Keynote: Consequences of an Insightful Algorithm

by Carina C. Zona

The keynote presentation "Consequences of an Insightful Algorithm" by Carina C. Zona at RubyConf 2015 emphasizes the ethical responsibilities of coders in the context of algorithm development and data use. Zona discusses the implications of utilizing algorithms to extract precise insights about individuals, raising crucial questions about consent and the potential unintended outcomes of such data-driven practices.

Key points discussed include:
- Definition of Algorithms: Zona describes algorithms as step-by-step processes designed to predict outcomes, applicable in both computer science and everyday scenarios.
- Consequences of Algorithms: The talk highlights that algorithms can lead to consequences, often without the direct explanation or consent from affected individuals.
- Ethical Considerations: Zona argues for the necessity of balancing human needs with business specifications, as uncritical programming can lead to painful real-world effects.
- Case Studies: Zona provides several notable examples:
- Target's Pregnancy Ads: A father's outrage over targeted ads illustrates the moral implications of data misuse when a retailer inferred personal information without explicit consent.
- Shutterfly's Congratulatory Emails: Highlighting the discomfort caused by automated messages sent to customers, some of whom were dealing with infertility or loss.
- Facebook's Year in Review: Discusses Eric Meyer’s experience with algorithmic insensitivity when the platform reminded him of painful memories related to his deceased daughter.
- Bias in Algorithms: Zona covers various instances where algorithms have perpetuated bias, such as racial profiling in Google Ads and abusive uses of data by companies like Uber.
- Call to Action: Zona urges coders to remain humble, recognize failure modes within their algorithms, and audit outcomes for biases. She emphasizes the need for transparency and accountability in algorithmic processes to create fairer, more ethical technology.

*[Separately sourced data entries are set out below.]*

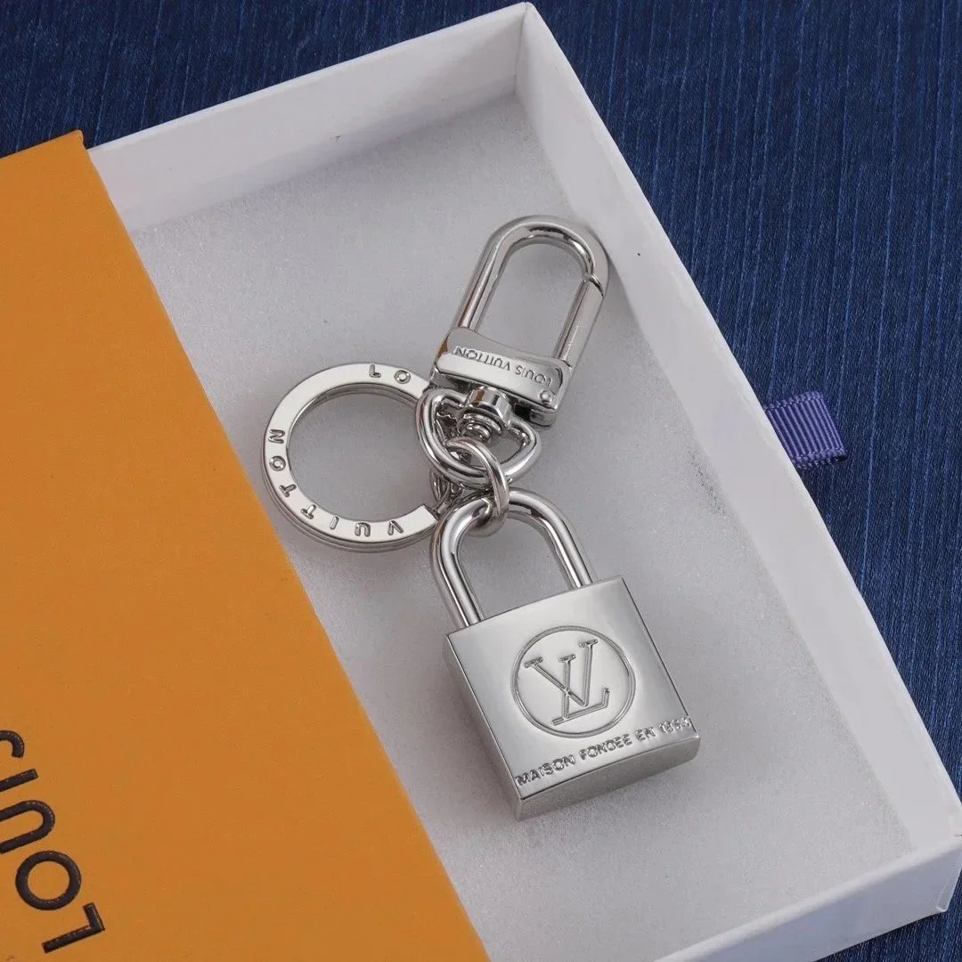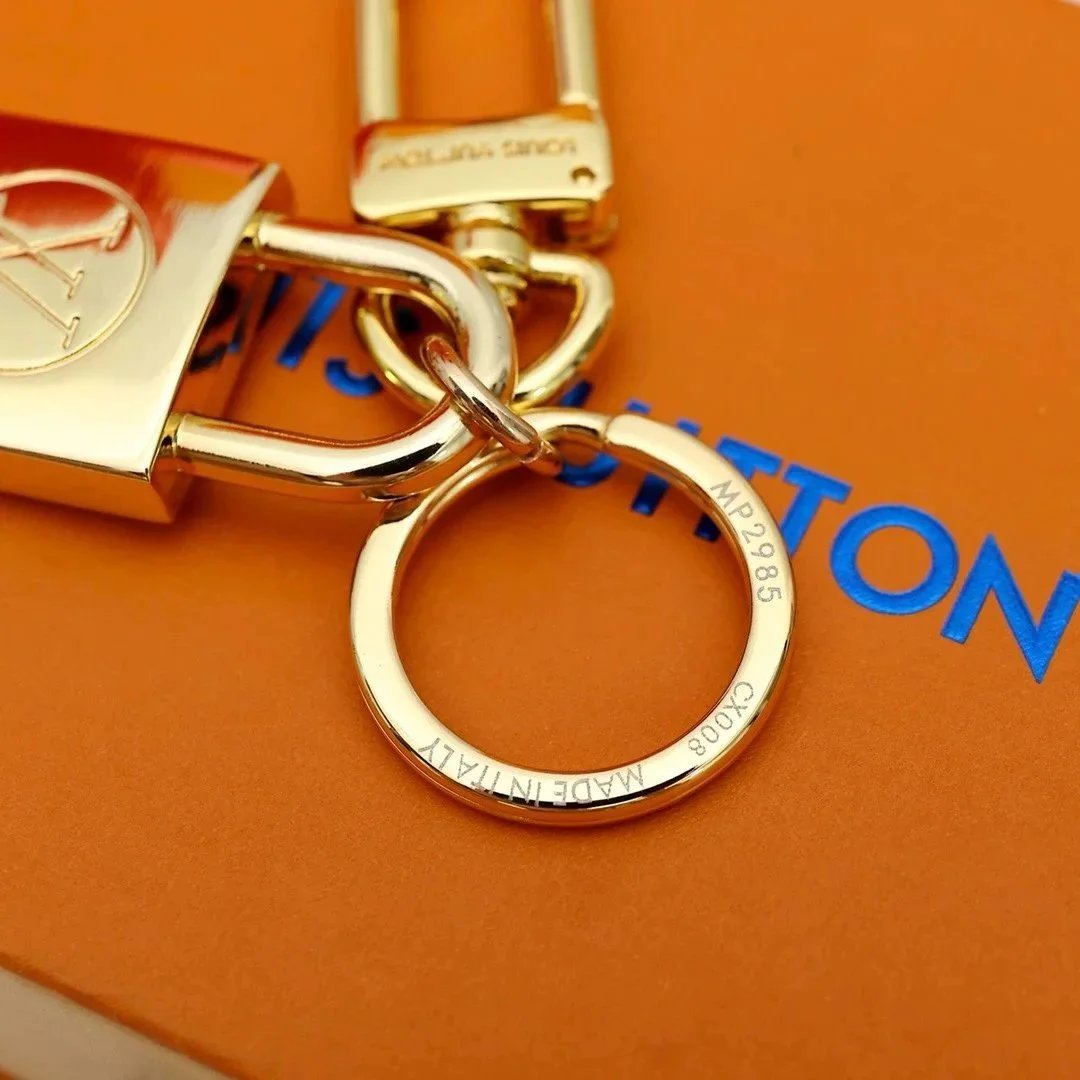 Stylish Louis Vuitton-inspired padlock keychains in gold and silver finishes featuring the iconic LV logo. Perfect for adding a touch of luxury to your keys or bag.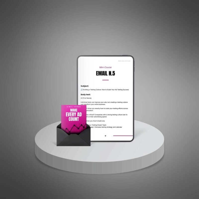 This course is a high-value digital product that educates, engages, and converts. It gives your customers the tools and insights they need to run smarter ad tests while positioning you as a trusted resource for their continued success.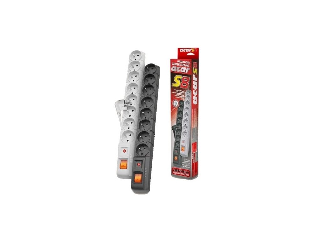 Přepěťová ochrana Acar S8 3m kabel 8 zásuvek, přepěťová ochrana, černá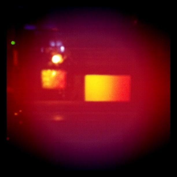 A shot of the 16mm projector at work, with the reflection of the projected image both on the glass, and on the screen.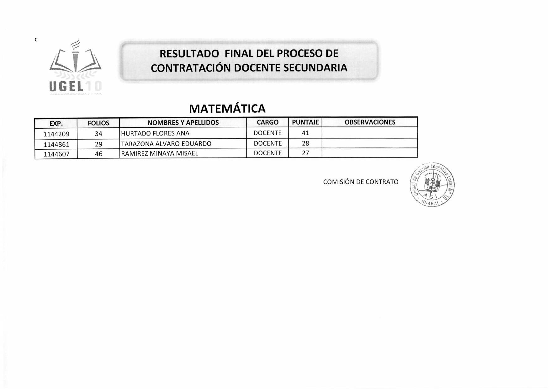 08 Jul,2019 Convocatorias COMMENTS RESULTADO FINAL DEL PROCESO DE CONTRATACIÓN DOCENTE SECUNDARIA - MATEMÁTICA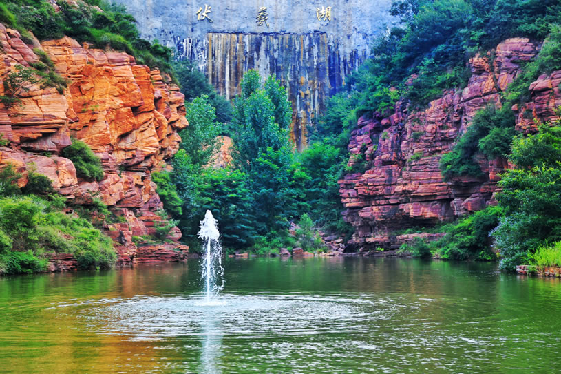 伏羲大峽谷位于河南省鄭州新密市西北20公里的伏羲山旅游區(qū)內(nèi),是一條以典型紅巖嶂谷群地質(zhì)地貌景觀為主的峽谷景區(qū)。伏羲山屬于嵩山山脈向東延伸部分,主峰五指嶺1108.5米,橫跨伏羲山全境。景區(qū)氣候溫潤,四季分明,年均溫11.6℃,比市區(qū)低2.7℃;景區(qū)植被茂密、物種繁多、綠樹掩映、花木扶疏,有千年以上的古樹名木數(shù)十棵,其中具有“活植物化石”之稱的古亢樹,是伏羲山特有的樹種。景區(qū)終年流水不斷,谷底飛瀑、跌水、深潭、平湖,清幽涼爽,姿態(tài)萬千,風(fēng)景秀美,巨大的巖石像被打磨過似的,平坦如鏡,潔凈光滑,游客可以在這里享受世間少有的“巖石浴”;峽谷兩岸巖石兀立,巖壁上天然石梯懸于空中,形形色色的人物以及動物的形象惟妙惟肖?傄(guī)劃面積共5.3平方公里,以伏羲文化和紅石大峽谷為主要特色,分為上下兩部分:上部以臥龍臺、文化隧道、望鄉(xiāng)臺、八卦臺、萬年栗、栗仙神祠、女媧補天處、神龜折足、五色石等景點為主,全面反映伏羲文化的形成、發(fā)展、傳播以及對后世的影響;下部以黃龍?zhí)丁ⅫS龍廟、簸萁潭、立龍鍋潭、貫云瀑(龍影瀑)、八分潭、烏龜拜壽、九龍?zhí)、圖騰柱、馬蹄溝、沐云梯、等景點為主,深切感受峽谷風(fēng)光,體驗自然鬼斧神工。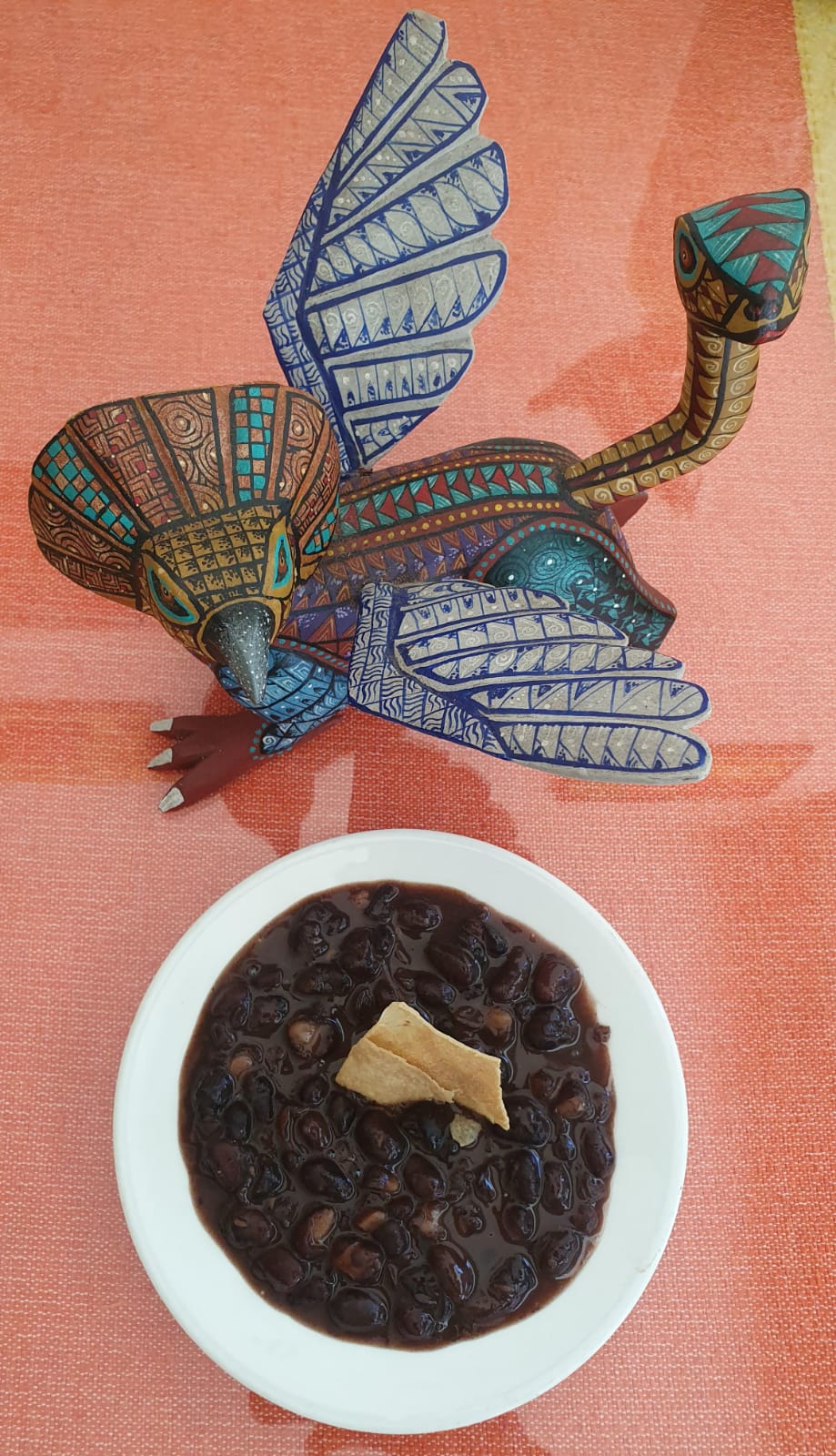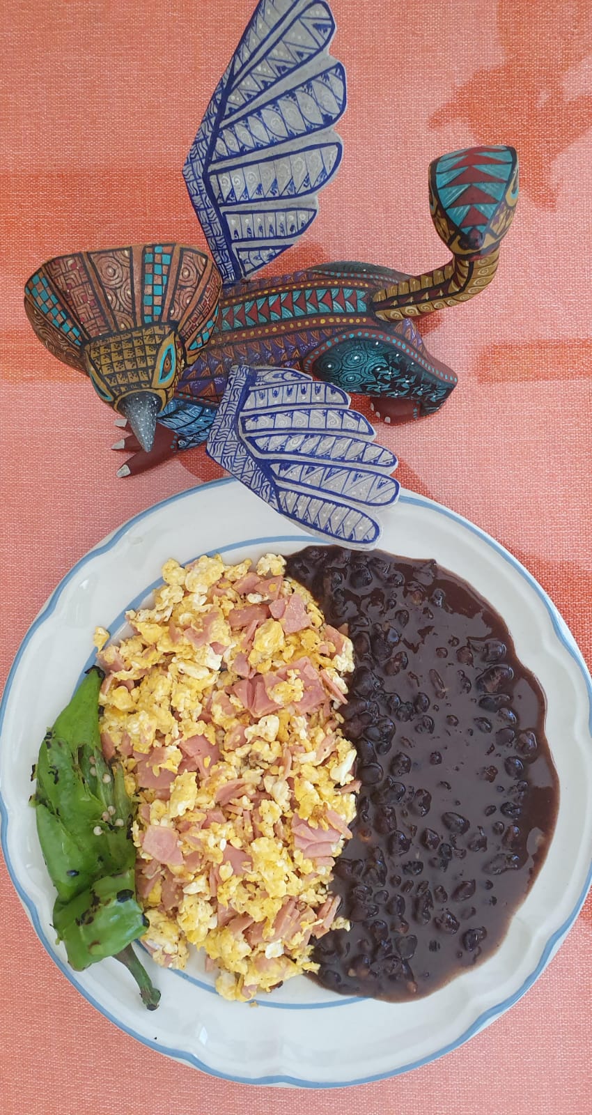 3 Tortillas de maíz bañadas en pasta de frijol acompañadas de 1 proteína, incluye café y gelatina.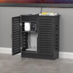 BLINGOODの収納キャビネットは、PVC製で配線を隠せる設計。スリムラックはモデムやWi-Fiルーターを収納可能。防炎・耐湿性に優れた扉付きで、シンプルなグレー色。サイズは50*25*70cm。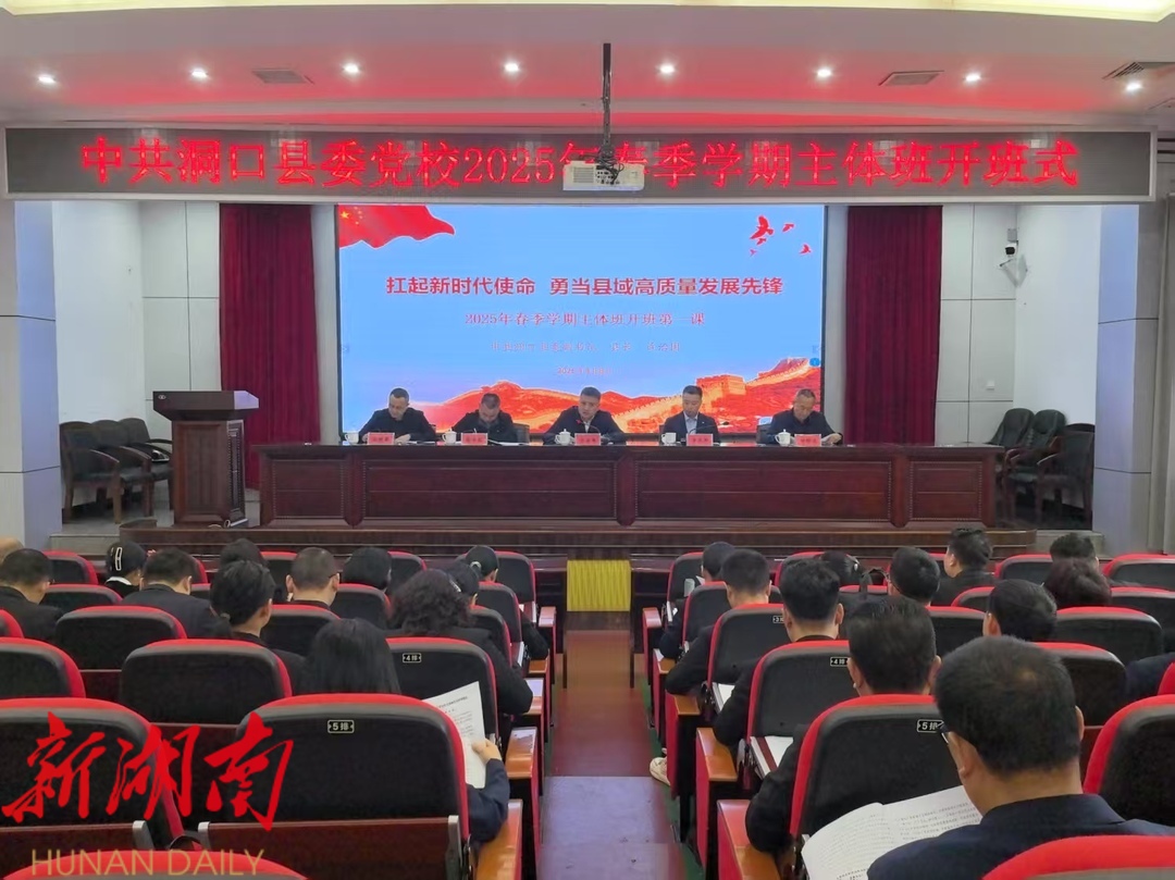 洞口融媒4月8日讯(记者:林巍浩) 4月8日,县委党校2025年春季学期主体班开班,县委副书记、县长许治国以《扛起新时代使命 勇当县域高质量发展先锋》为题,为春季学期主体班学员上开学第一课。他强调,要全面贯彻党的二十大和二十届二中、三中全会精神,锚定“三高四新”美好蓝图,认真落实省委、市委、县委全会精神,聚焦“七大攻坚”,积极推进洞口“提质增效”年活动,自觉做忠诚干净担当的党员干部,为全面建设现代化新洞口、实现“三区一中心”奋斗目标贡献自己的智慧和力量。县委常委、组织部部长唐建新主持开班典礼。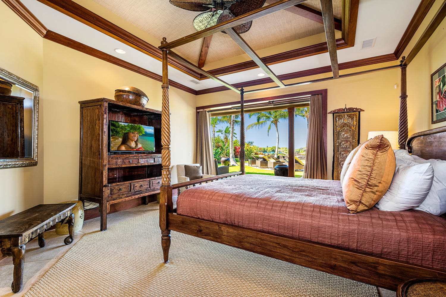 A beautiful courtyard decorated with endemic Hawaiian plants and ponds separates the main oceanfront home from the private Ohana house, which features one king bedroom with a large en-suite bathroom. The Ohana house increases the estates sleep capacity to 12.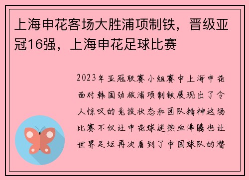 2023年亚冠联赛小组赛中,上海申花面对韩国劲旅浦项制铁,展现出了令人惊叹的竞技状态和团队精神。这场比赛不仅让申花球迷热血沸腾,也让世界足坛再次看到了中国球队的潜力与实力。 比赛一开始,申花便展现出了...

- Conclusion: The ultimate takeaway from Zona's talk is a call for coders to advocate for users' best interests, ensuring that their work consciously considers the implications on individuals while aiming to avoid past mistakes.

00:00:14.530 Alright, good morning to the 800 people who did that! This talk is called "Consequences of an Insightful Algorithm."

00:00:20.510 This talk serves as a toolkit for empathetic coding, and we will delve into some very specific issues and examples of uncritical programming, as well as the painful results that can arise from actions that are intended to be benign.

00:00:34.400 I want to start off with a content warning, as I will be discussing several sensitive topics, including grief, PTSD, depression, miscarriage, infertility, sexual history, consent, stalking, racial profiling, and the Holocaust. While these topics are not the main focus, they will come up as examples throughout the talk.

00:00:53.739 If anyone feels the sudden urge for coffee, please do not hesitate. I won't be offended. We've got about 10 minutes before we dive deeper into the content.

00:01:06.439 Algorithms impose consequences on people all the time, and we can extract remarkably precise insights about individuals. This raises an important question: do we have the right to know information that someone did not consent to share, even if they willingly provided the data that leads us to that conclusion? Additionally, how do we mitigate unintended consequences that may arise from this knowledge?

00:01:31.429 To begin with, let's ask a basic question: What is an algorithm? It is a step-by-step set of operations designed to predictably arrive at an outcome. This is a very generic definition. Usually, when we talk about algorithms, we refer to those in computer science or mathematics—patterns of instructions articulated in code or mathematical formulas.

00:01:56.539 However, we can also think of algorithms in everyday life; they can take the form of recipes, directions, or even crochet patterns. Currently, deep learning is the new trend in data mining; it is essentially algorithms designed for fast, trainable artificial neural networks. This branch of machine learning has been around since the early 1980s but has mostly remained locked in academia due to scalability issues.

00:02:17.690 Recently, breakthroughs have made it possible to apply deep learning in real production environments, allowing us to extract meaningful insights from big data. In essence, deep learning relies on an automatic discovery of patterns within a training data set. These patterns help draw intuitions about future inputs.

00:02:44.660 In terms of process, the inputs, which we call the training data, can include various elements such as words, images, sounds, and concepts. When I say this, I mean that they can total several terabytes of data. The execution process involves running a series of functions repeatedly on this array, and this iteration is referred to as layers. With each layer, we achieve greater precision, evaluating thousands of factors without needing to label or categorize the data.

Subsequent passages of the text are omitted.